(Encontro de lideranças indígenas com o governador do Amapá Jorge Nova da Costa. Foto: Dominique T. Gallois, 1989)
Por Denise Assis
Articulistas e articulados, ativistas e até os que não diferenciam um pé de couve de um pé de alface ficaram estupefatos com a medida de Michel, de extinguir a Reserva Nacional de Cobre e Associados (Renca), entre o Pará e o Amapá. Nunca é demais lembrar que ela foi criada em 1984, pelo ditador João Figueiredo, que apesar do seu conhecido estilo rude teve – conforme ficou demonstrado – mais sensibilidade com o torrão, do que Michel, o indevido. Para Michel, que provavelmente jamais se arriscaria a uma descida às matas da região, aquilo lá “não é nenhum paraíso”.
Foi o que mandou que os seus assessores dissessem depois do barulho comprado com os ambientalistas do país e de todo o planeta.
Depende do ponto de vista. Claro que para quem se preocupa em trocar sofás de couro por estofados pretos, tem medo de fantasmas (e da própria sombra), e mais noção das dimensões de uma mala com rodinhas do que do espaço que ocupam as nossas florestas, uma imensidão verde povoada por indígenas não chega mesmo a mover um músculo do seu rosto.
Diga-se de passagem, exercício difícil, depois de tantas intervenções.
Segundo o comunicado oficial, “hoje, infelizmente, territórios da Renca original estão submetidos à degradação provocada pelo garimpo clandestino de ouro, que, além de espoliar as riquezas nacionais, destrói a natureza e polui cursos d’água com mercúrio”, mandou dizer. A tal nota afirma ainda que: “não só não haverá danos às áreas preservadas, como o novo decreto vai “coibir essa exploração ilegal, recolocando sob controle do Estado a administração racional e organizada de jazidas minerais importantes, que demandam pesquisas e exploração com alta tecnologia”.

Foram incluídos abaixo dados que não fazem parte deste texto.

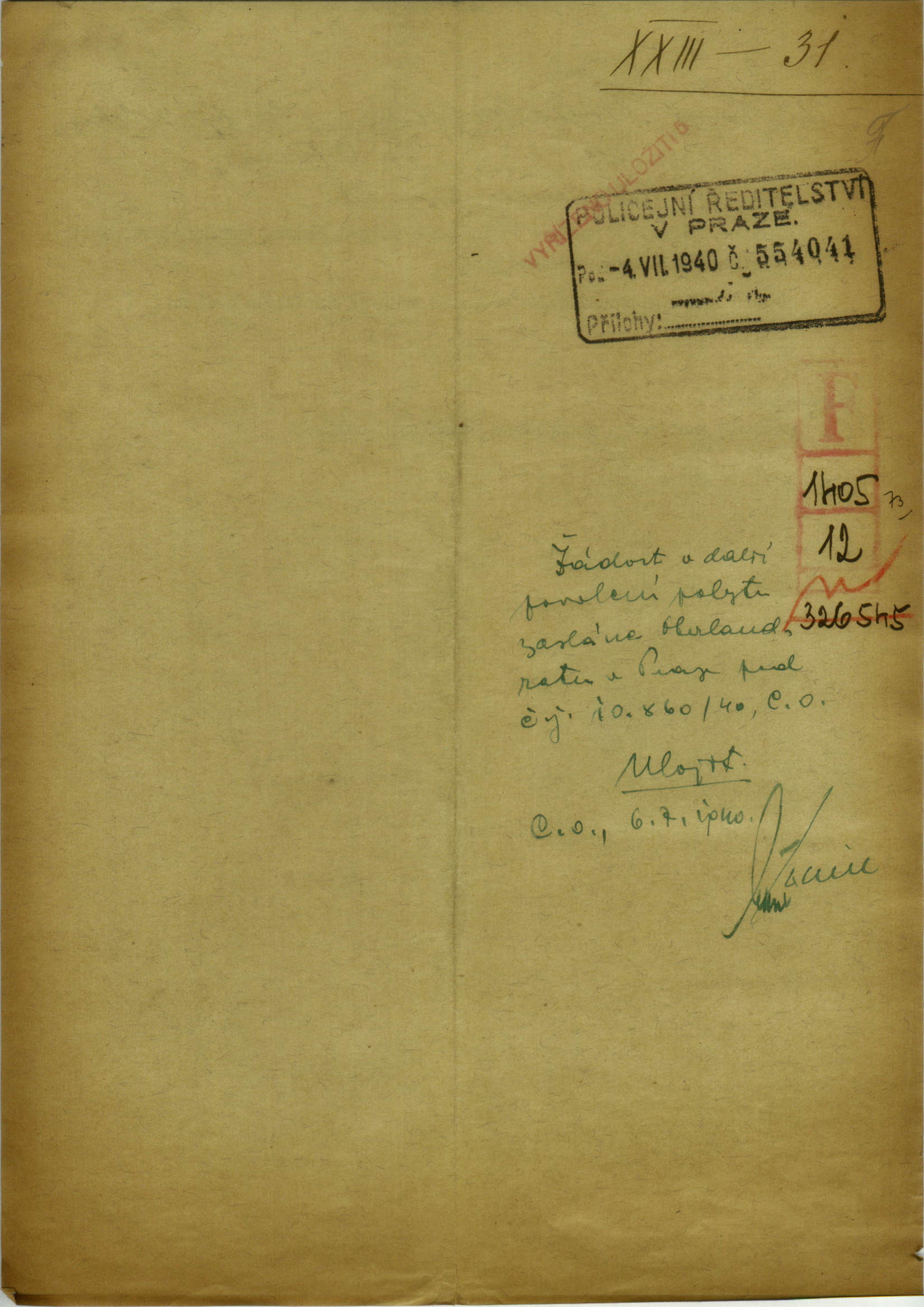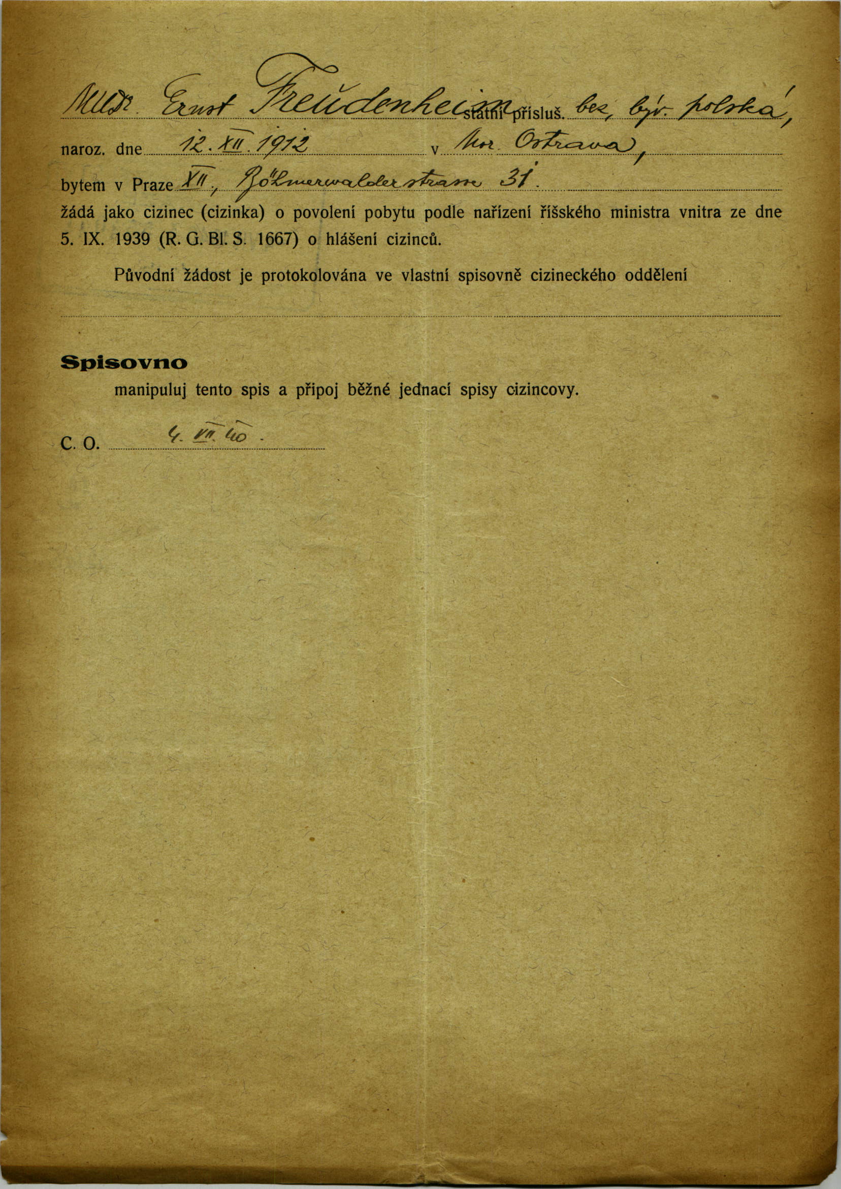 Freudenheim Arnošt: Žádost o povolení pobytu

Aí a notícia carece de reflexão. O governo de Michel sabe que a região é ocupada por garimpos clandestinos e não toma nenhuma providência no sentido de fiscalizar e punir os invasores. Desta feita, em vez de tirar o bode da sala, resolve vender a sala com bode e tudo. Aliás, não é a primeira vez que Michel se põe paralisado diante de um mal feito.

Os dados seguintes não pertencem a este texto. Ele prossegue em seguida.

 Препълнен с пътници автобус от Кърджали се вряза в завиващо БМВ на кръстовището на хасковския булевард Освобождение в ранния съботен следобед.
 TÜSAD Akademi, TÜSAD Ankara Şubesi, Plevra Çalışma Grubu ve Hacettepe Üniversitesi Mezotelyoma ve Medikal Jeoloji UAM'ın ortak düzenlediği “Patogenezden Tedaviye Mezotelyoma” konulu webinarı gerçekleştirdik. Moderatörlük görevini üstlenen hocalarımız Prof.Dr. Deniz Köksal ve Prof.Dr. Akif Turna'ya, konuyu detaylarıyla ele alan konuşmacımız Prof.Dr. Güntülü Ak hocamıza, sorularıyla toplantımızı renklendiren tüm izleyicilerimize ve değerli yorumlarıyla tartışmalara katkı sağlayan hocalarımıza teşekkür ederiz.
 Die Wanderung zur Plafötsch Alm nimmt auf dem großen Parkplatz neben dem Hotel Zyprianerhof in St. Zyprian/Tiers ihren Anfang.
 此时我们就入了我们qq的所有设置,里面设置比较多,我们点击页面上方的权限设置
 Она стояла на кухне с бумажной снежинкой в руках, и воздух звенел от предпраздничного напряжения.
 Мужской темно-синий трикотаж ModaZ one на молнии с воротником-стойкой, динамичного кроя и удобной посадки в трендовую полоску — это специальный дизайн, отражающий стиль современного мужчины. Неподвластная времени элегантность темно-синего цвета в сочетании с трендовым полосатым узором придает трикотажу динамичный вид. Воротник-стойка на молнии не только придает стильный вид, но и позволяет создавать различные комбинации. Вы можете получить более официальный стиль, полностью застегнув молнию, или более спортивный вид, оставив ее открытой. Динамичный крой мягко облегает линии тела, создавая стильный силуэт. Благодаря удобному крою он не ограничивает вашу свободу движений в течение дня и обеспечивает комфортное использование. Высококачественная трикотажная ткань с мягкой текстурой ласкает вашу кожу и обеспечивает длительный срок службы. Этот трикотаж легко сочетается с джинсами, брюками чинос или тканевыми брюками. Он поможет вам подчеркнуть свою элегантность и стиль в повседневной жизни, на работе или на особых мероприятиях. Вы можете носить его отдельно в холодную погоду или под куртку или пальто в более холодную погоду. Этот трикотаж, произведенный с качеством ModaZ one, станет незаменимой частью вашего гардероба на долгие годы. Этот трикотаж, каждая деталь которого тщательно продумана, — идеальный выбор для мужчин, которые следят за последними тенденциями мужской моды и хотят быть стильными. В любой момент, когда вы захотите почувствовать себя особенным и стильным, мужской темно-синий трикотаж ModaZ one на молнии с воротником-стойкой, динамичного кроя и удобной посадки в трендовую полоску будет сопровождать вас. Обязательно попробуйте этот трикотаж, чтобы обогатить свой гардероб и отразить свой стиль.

A “natureza” que está sendo destruída, Michel, é a do país que você administra. Não é o quintal do vizinho. Ao mesmo tempo, soa estranha a garantia de que agora, quando passar para mãos certamente estrangeiras e privadas, haverá um “controle” e uma “administração racional e organizada de jazidas minerais importantes”.

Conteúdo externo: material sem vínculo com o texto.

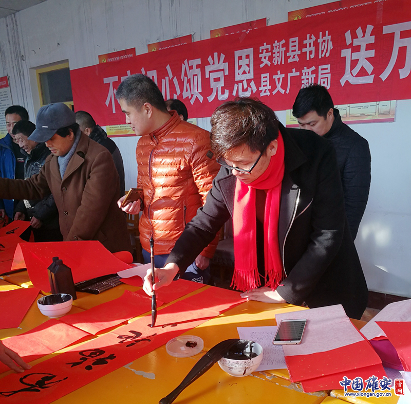 青年書法家王子璐進行書法創作。圖片由安新縣縣委宣傳部提供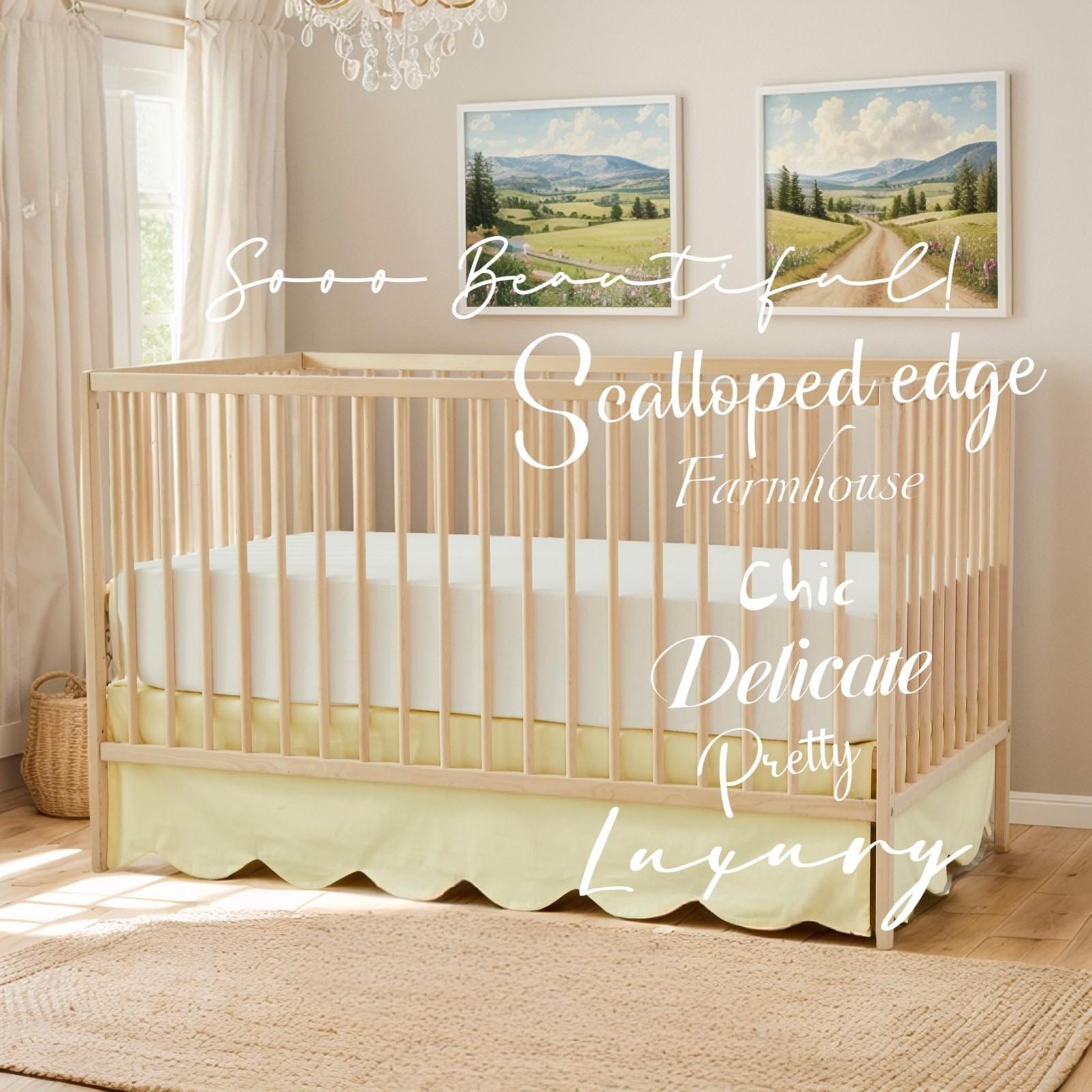 как выглядит Brandream Scallop Edge Cotton Crib Skirt - Toddler Bedskirt Nursery фото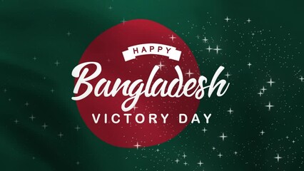 Happy Bangladesh Victory Day Lettering Text Animation with waving flag background. Celebrate Bangladesh National Day on 16th of December. Great for celebrating Bangladesh Victory Day.
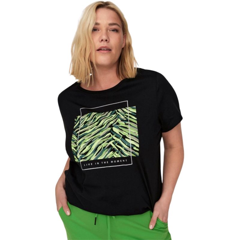 La Remera Manga Corta Negra Mujer Carmakoma es una prenda esencial y versátil que combina comodidad y estilo urbano. Presenta un estampado gráfico en el centro, con un patrón de rayas verdes con detalles amarillos y la frase "live in the moment", que aporta un toque moderno y distintivo a tu look. Su corte recto y cuello redondo hacen que sea cómoda para cualquier ocasión, ideal para combinar con distintas prendas y accesorios.

Como assim? Qual foi o pedaço que eu perdi? Há, no momento, na Renca, uma malha de mineração ilegal sabida e mapeada, que rola solta como a Casa da Mãe Joana, sem que o governo de Michel faça nada para “coibir” as infrações. Em passando para a iniciativa privada, segundo o documento emitido por sua orientação, os empreendimentos que porventura se instalem na área de conservação estaduais no Amapá e no Pará cumprirão “exigências federais rigorosas para licenciamento específico, que prevê ampla proteção socioambiental”.
Ora, enquanto está sob o seu governo é um verdadeiro bordel a céu aberto, mas sob a égide da exploração sob alta tecnologia privada (e por que ele reduz tanto a verba para a pesquisa científica?) tudo será organizado, limpo, vistoriado e os índios respeitados. Já posso imaginá-los num cercado, como no zoológico, com placas de: “é proibido jogar amendoins”.
Sem a menor cerimônia a nota segue afiançando que “o compromisso do governo é com o soberano desenvolvimento sustentável da Amazônia, sempre conjugando preservação ambiental com geração de renda e emprego para as populações locais”.
Michel não tem a menor noção do que está falando. Não teve, como eu, a oportunidade de ver aquela tribo de Wayampis, sob a neblina da mata, ao amanhecer, com, seus colares de contas azuis e vermelhas, cruzados nos peitos miúdos e estufados de orgulho, cantando o hino nacional, para recepcionar os jornalistas. A mata, naquele momento, era uma catedral, que fazia ecoar as vozes infantis dos indiozinhos, enquanto eu continha a custo a emoção de ver aqueles curumins num lugar que quase cai do nosso mapa, de tão distante, homenagenado a pátria. É certo que essas crianças não verão país nenhum, mas é certo também que você não terá nunca a oportunidade de viver esta cena, Michel. E, depois, que importância tem isto, não é mesmo?